## Your objective
The answer must consist only of the lines from the line with "This Hobo is" to the line with "HABER MERKEZİ- Cumartesi", both included, exactly as they stand below.

*** Material supplied Section Begins ***

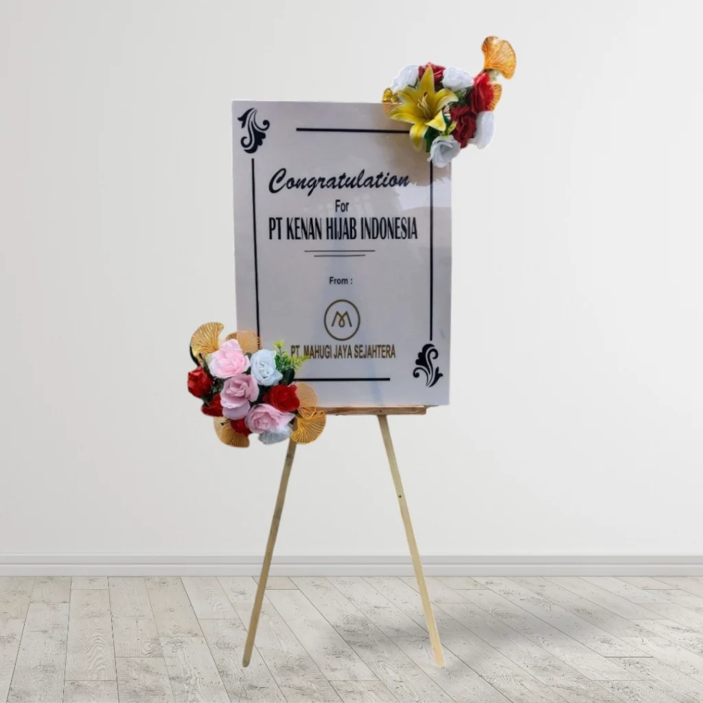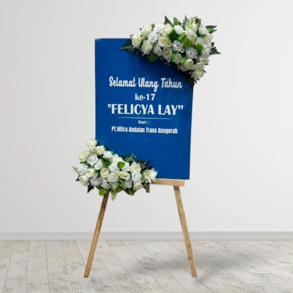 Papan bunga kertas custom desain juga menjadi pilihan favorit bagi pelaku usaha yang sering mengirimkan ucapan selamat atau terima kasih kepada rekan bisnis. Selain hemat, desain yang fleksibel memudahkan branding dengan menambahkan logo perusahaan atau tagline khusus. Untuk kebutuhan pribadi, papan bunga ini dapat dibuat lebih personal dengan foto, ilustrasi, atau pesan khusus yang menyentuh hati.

*** Material supplied Section Ends ***
*** Material supplied Section Begins ***

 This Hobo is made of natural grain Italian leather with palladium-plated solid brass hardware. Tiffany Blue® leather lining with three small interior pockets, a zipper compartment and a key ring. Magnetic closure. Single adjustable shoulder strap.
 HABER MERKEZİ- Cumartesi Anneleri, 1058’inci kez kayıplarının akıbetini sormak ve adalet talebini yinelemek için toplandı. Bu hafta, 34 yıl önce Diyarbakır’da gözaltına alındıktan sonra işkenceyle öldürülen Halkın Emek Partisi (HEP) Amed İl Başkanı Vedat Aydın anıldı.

*** Material supplied Section Ends ***
*** Material supplied Section Begins ***

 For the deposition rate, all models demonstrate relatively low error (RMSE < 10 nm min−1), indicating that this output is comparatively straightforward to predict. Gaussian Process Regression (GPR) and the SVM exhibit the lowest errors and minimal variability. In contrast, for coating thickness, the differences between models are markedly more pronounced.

*** Material supplied Section Ends ***

## Task response
 This Hobo is made of natural grain Italian leather with palladium-plated solid brass hardware. Tiffany Blue® leather lining with three small interior pockets, a zipper compartment and a key ring. Magnetic closure. Single adjustable shoulder strap.
 HABER MERKEZİ- Cumartesi Anneleri, 1058’inci kez kayıplarının akıbetini sormak ve adalet talebini yinelemek için toplandı. Bu hafta, 34 yıl önce Diyarbakır’da gözaltına alındıktan sonra işkenceyle öldürülen Halkın Emek Partisi (HEP) Amed İl Başkanı Vedat Aydın anıldı.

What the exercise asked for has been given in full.